- _Dataset excerpts_:
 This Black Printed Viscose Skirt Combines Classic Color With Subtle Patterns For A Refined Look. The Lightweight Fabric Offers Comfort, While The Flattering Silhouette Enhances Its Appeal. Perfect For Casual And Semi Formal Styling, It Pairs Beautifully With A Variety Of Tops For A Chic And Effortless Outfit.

--

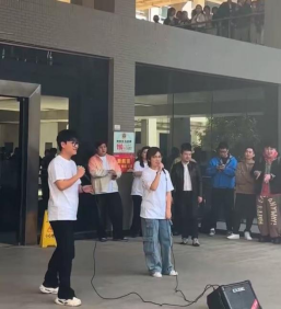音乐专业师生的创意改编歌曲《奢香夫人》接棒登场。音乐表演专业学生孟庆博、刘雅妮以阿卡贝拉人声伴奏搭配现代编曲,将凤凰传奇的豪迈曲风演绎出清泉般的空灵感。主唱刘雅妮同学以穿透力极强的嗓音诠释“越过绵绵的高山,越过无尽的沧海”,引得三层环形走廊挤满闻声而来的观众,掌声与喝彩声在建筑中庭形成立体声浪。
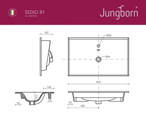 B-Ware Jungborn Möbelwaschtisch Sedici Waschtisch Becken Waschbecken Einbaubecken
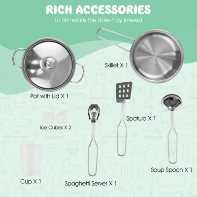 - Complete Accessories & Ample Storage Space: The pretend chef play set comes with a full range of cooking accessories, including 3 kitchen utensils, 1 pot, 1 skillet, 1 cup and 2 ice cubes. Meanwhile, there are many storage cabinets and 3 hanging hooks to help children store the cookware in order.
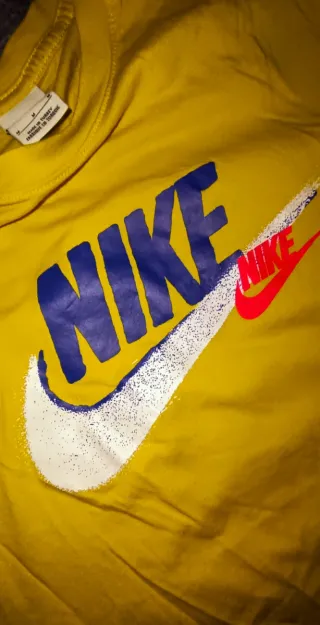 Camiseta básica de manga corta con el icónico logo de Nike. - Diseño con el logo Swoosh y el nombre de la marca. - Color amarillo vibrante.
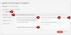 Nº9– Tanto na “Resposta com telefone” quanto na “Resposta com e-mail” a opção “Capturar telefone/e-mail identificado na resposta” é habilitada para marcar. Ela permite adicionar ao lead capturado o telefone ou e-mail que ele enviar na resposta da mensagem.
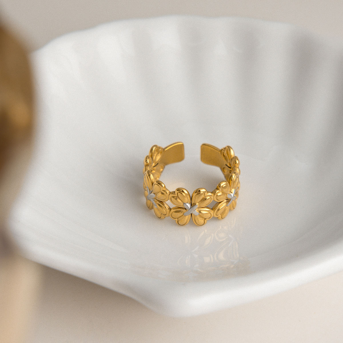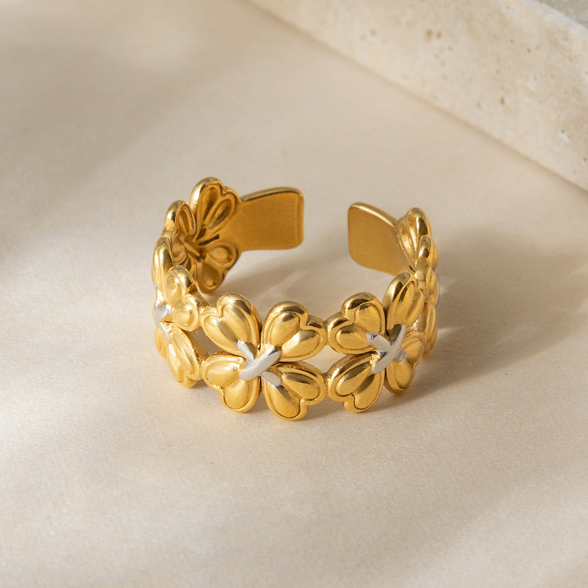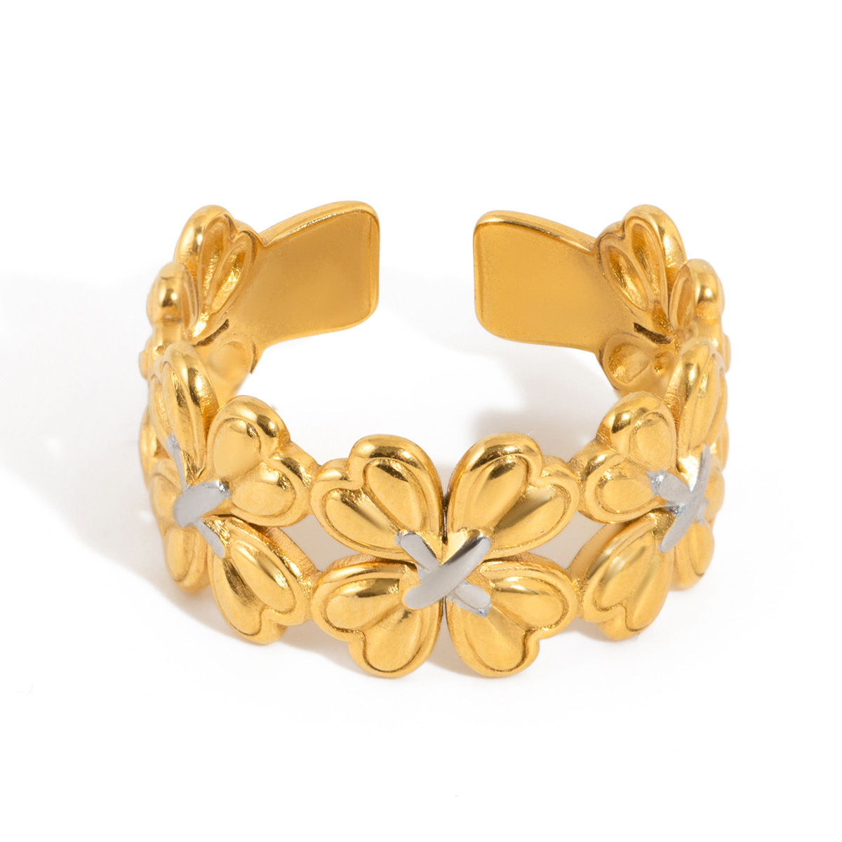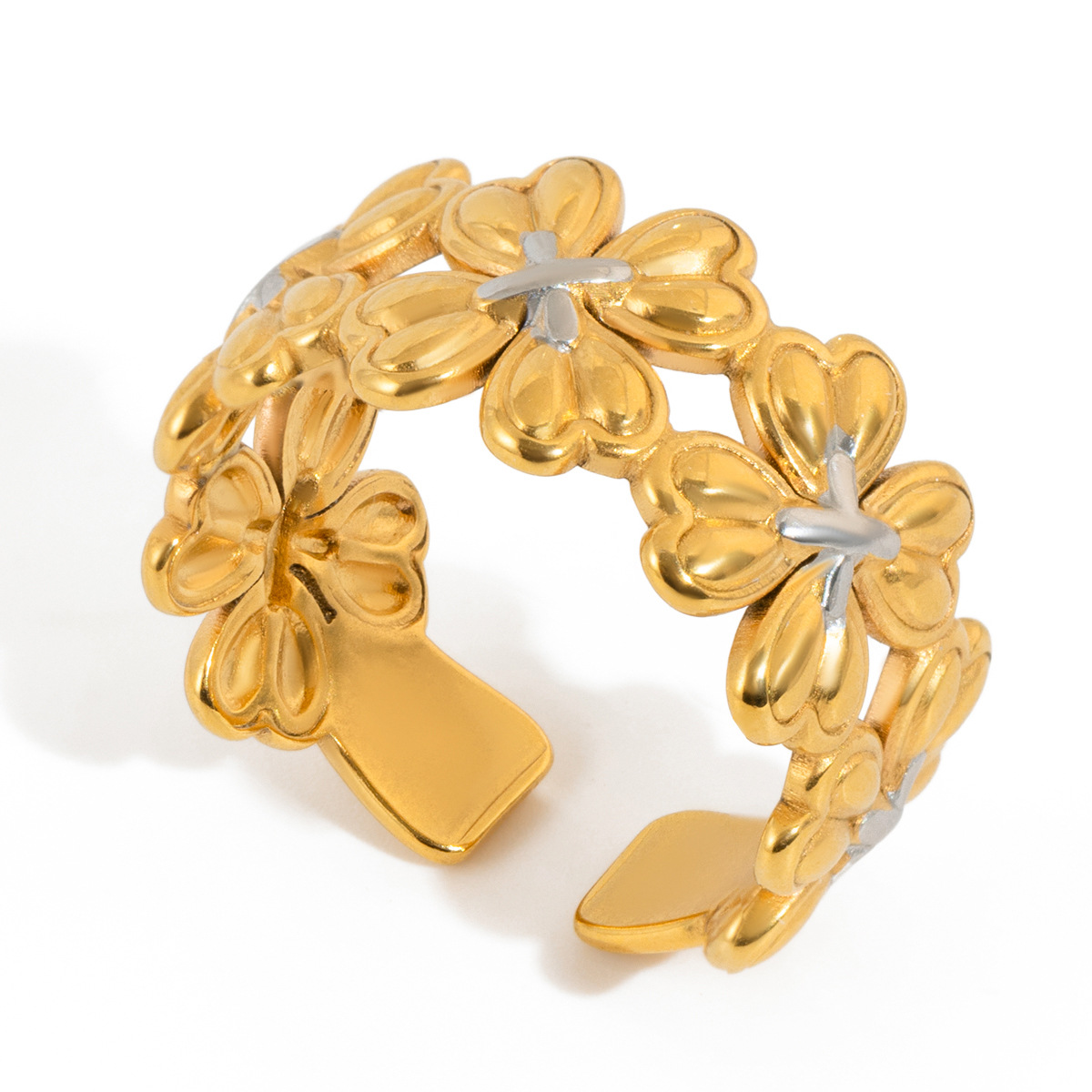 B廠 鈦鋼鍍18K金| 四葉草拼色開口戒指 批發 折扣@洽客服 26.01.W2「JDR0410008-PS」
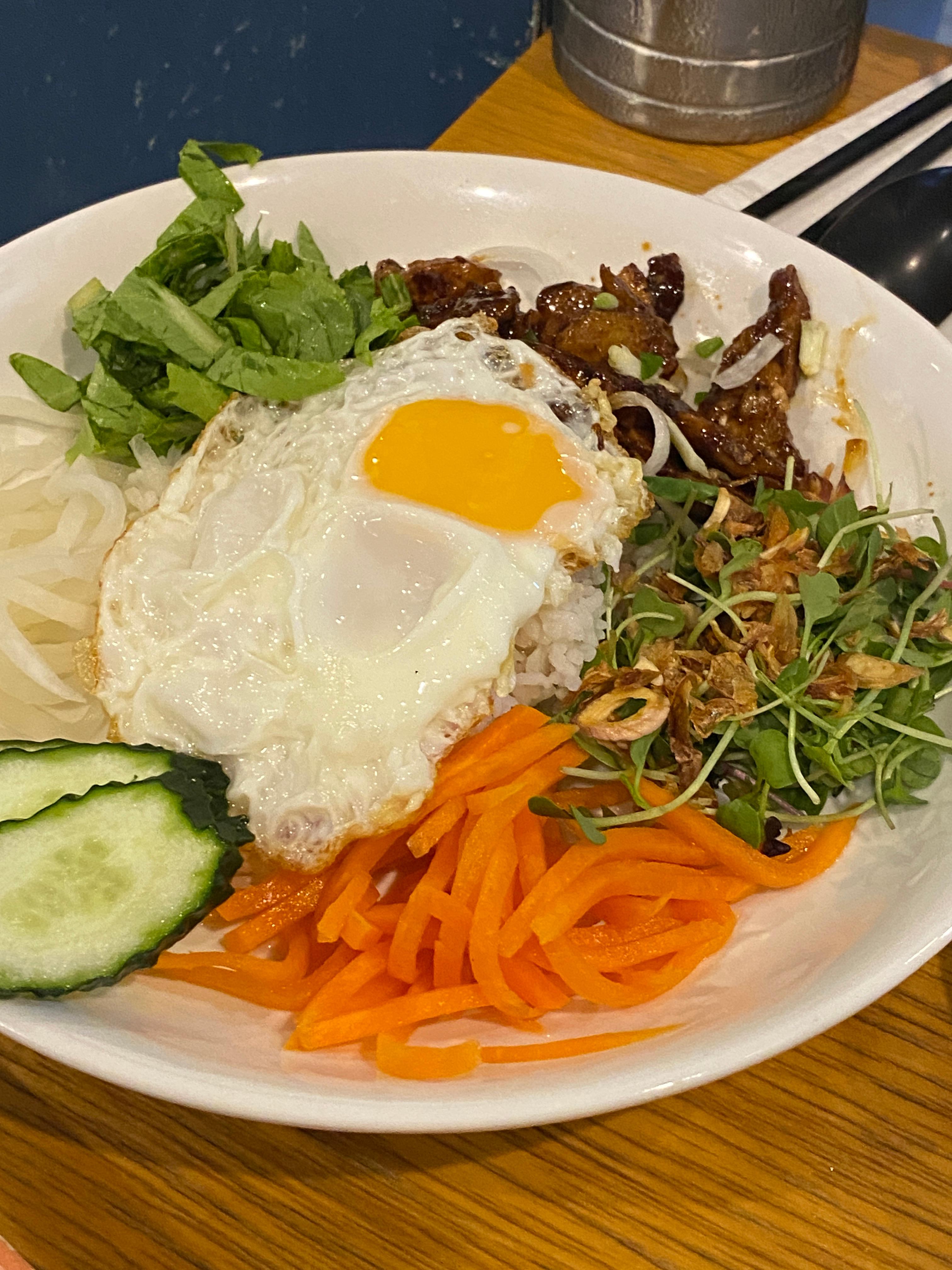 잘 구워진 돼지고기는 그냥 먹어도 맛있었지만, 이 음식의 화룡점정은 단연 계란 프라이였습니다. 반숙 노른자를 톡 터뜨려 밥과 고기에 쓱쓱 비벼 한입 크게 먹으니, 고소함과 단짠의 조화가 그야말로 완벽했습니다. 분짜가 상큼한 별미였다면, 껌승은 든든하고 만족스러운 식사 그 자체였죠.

--

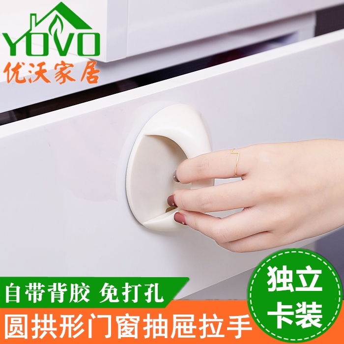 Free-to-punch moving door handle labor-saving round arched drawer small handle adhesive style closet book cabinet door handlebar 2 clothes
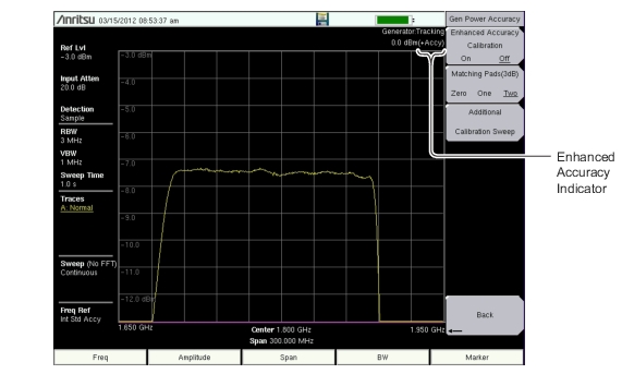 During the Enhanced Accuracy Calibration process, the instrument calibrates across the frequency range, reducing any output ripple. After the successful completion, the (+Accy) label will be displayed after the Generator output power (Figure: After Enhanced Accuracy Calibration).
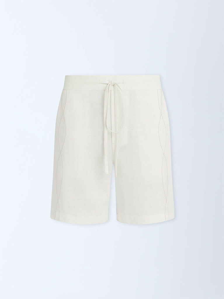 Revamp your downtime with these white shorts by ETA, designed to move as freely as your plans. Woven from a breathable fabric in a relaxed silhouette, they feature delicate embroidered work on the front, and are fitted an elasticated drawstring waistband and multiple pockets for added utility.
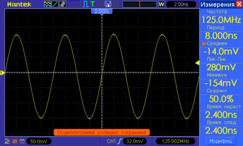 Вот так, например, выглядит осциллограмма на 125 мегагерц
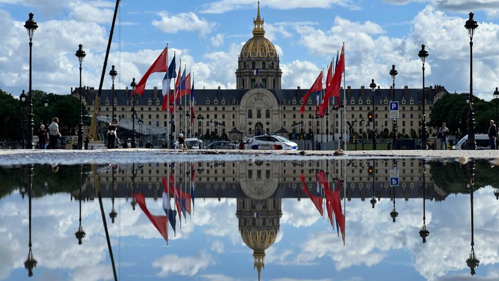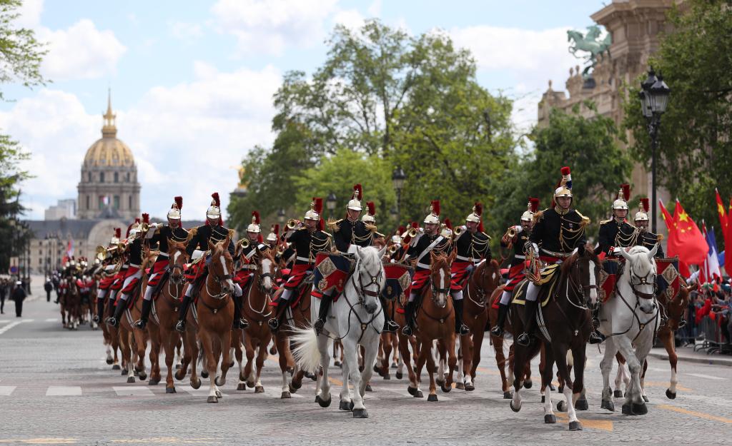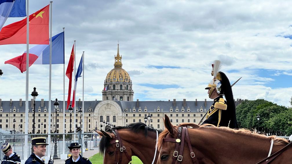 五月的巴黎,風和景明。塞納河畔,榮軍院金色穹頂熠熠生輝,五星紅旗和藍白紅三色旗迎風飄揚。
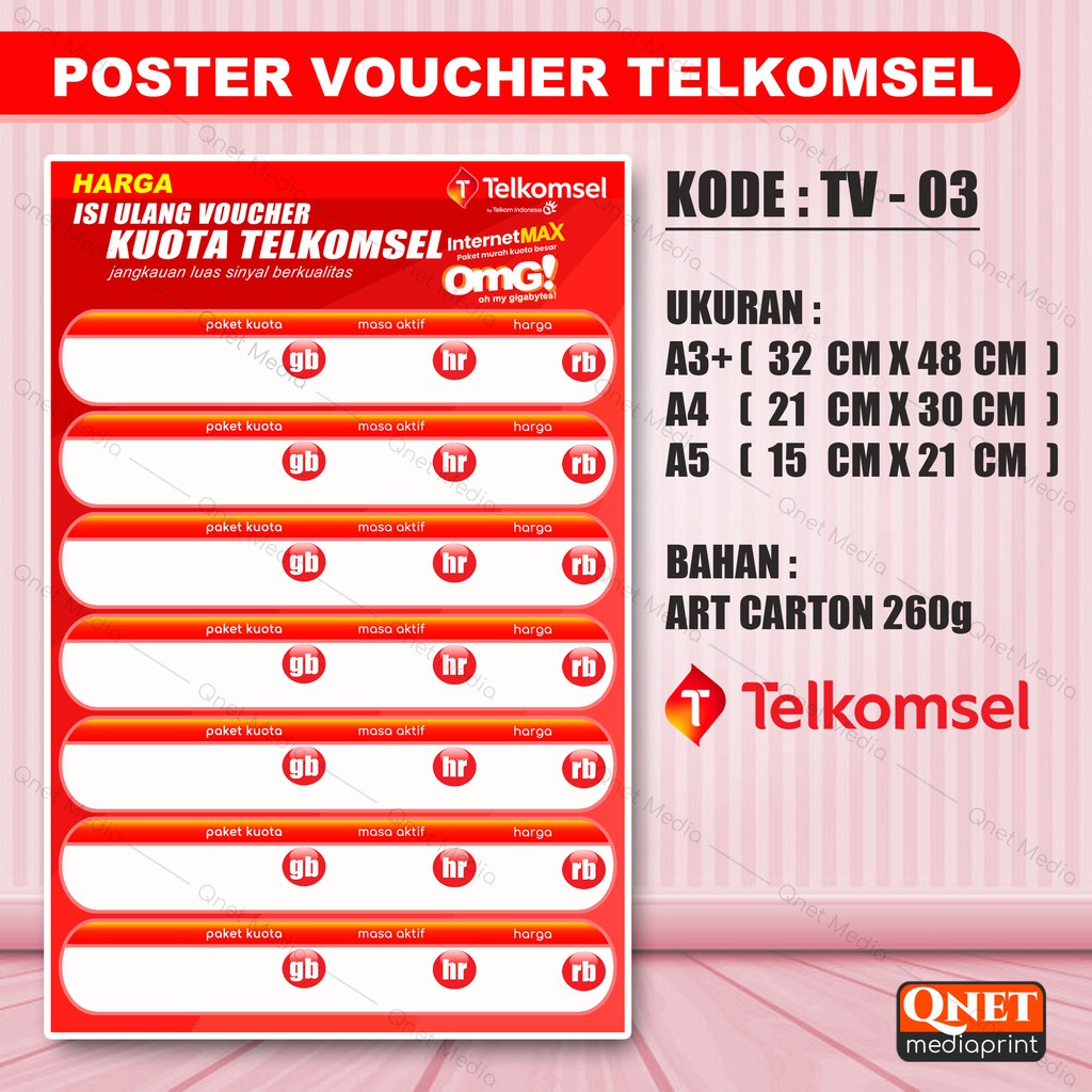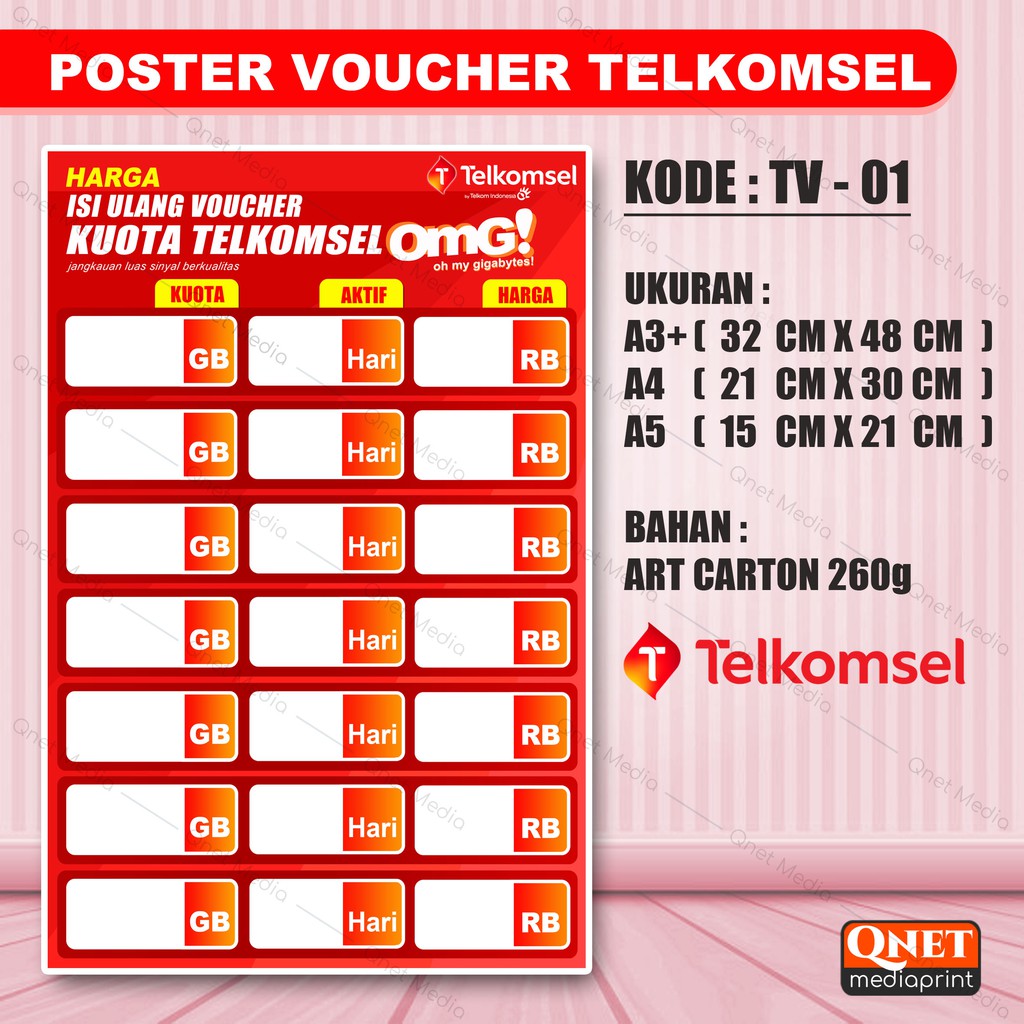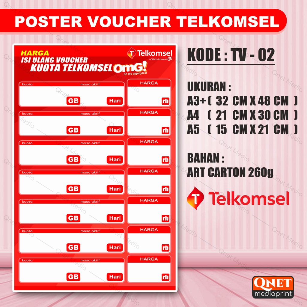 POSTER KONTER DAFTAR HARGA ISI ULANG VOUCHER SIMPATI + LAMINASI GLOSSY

- _The problem_:
In the listing above, find the line containing "Nº9– Tanto na" and the line containing "잘 구워진 돼지고기는", then write out both of them and every line between, exactly, with no pictures.

- _Problem solution_:
 Nº9– Tanto na “Resposta com telefone” quanto na “Resposta com e-mail” a opção “Capturar telefone/e-mail identificado na resposta” é habilitada para marcar. Ela permite adicionar ao lead capturado o telefone ou e-mail que ele enviar na resposta da mensagem.
 B廠 鈦鋼鍍18K金| 四葉草拼色開口戒指 批發 折扣@洽客服 26.01.W2「JDR0410008-PS」
 잘 구워진 돼지고기는 그냥 먹어도 맛있었지만, 이 음식의 화룡점정은 단연 계란 프라이였습니다. 반숙 노른자를 톡 터뜨려 밥과 고기에 쓱쓱 비벼 한입 크게 먹으니, 고소함과 단짠의 조화가 그야말로 완벽했습니다. 분짜가 상큼한 별미였다면, 껌승은 든든하고 만족스러운 식사 그 자체였죠.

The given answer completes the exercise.